Radiation protection

Unlike the Earth, the Moon lacks a protective atmosphere and magnetic field, leaving its surface exposed to intense solar radiation and cosmic rays. Radiation poses significant health risks to astronauts. Exploring various materials and configurations to create robust shielding solutions is key to ensuring that astronauts’ long-term health is safeguarded during their stay on the Moon.

Dust mitigation

Lunar dust, also known as regolith, is a pervasive challenge on the Moon. The fine particles can be abrasive, cling to surfaces, and pose risks to equipment and human health. This challenge requires the development of specialized seals, filtration systems, and surface coatings to minimize dust infiltration into living spaces and equipment.

Life-support systems

The Gateway will need closed-loop systems that recycle and regenerate vital resources such as air, water, and waste, reducing the reliance on resupply missions from Earth. This approach ensures long-duration missions are feasible and minimizes the need for excessive resource consumption.

Habitability and comfort

Living on the Moon for extended periods of time requires careful consideration of astronauts’ habitability and comfort. This involves developing ergonomic designs, efficient use of space, lighting systems, and temperature control mechanisms to create a living environment that supports the physical and mental well-being of astronauts.

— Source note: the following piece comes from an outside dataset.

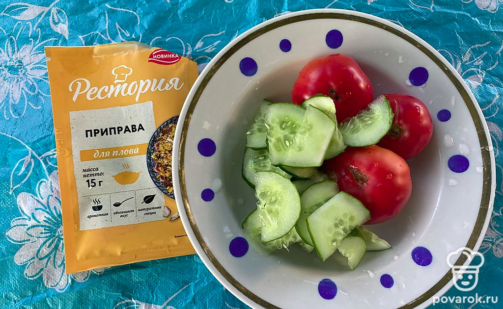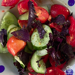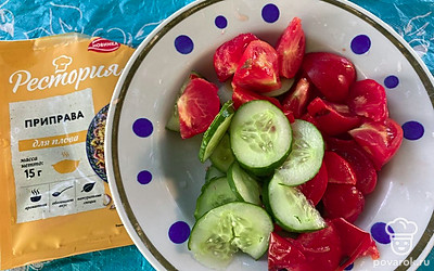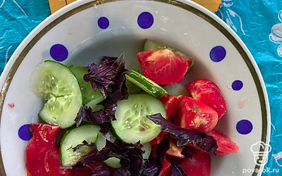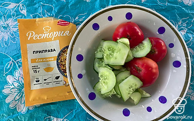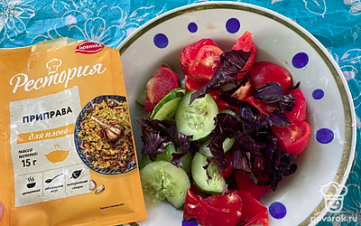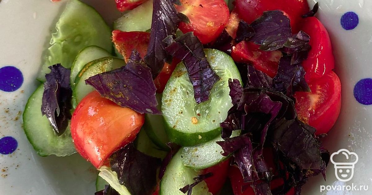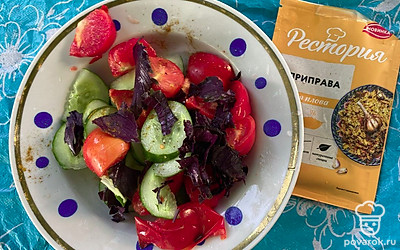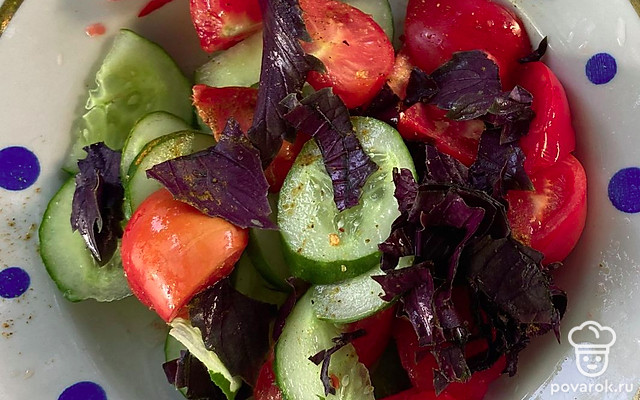 Салат с помидорами и огурцами с приправой понравится вам своим тонким вкусом.

When a view isn’t just a view

Despite its use for short-term stays, astronaut comfort is also being incorporated into the design of the Lunar Gateway. Allowing astronauts to see outside the Gateway is an important design consideration, as NASA learned during the design and use of the Cupola on the ISS. The Cupola is a control center in the ISS with seven portholes that allow astronauts to work while enjoying a 360-degree view of the outside, providing an exceptional observatory for studying the Earth and the entire cosmos.

With the Gateway, psychologists are collaborating with astronauts who worked on the ISS to design these habitats in space. Like the ISS Cupola, the Gateway needs spaces that will help them feel less claustrophobic while providing double functionality: a view of what’s outside the Gateway for robotic operations–and a break from the enclosed environment of the other modules.

One small lunar home, one giant leap for space exploration

Beyond providing the technical capabilities demanded by Artemis, participation in the program remains an immense source of pride among the company’s employees, who are keenly aware of their role in writing the latest chapter in the history of human space exploration.

For people working in the space business, developing this living space for astronauts is perhaps proving the greatest motivation of our professional lives. Unlike the Apollo program, which was a race between two players, today’s mission to return to the Moon is a true partnership between all those involved–and will play an important part in the journey to explore the Moon, Mars, and beyond.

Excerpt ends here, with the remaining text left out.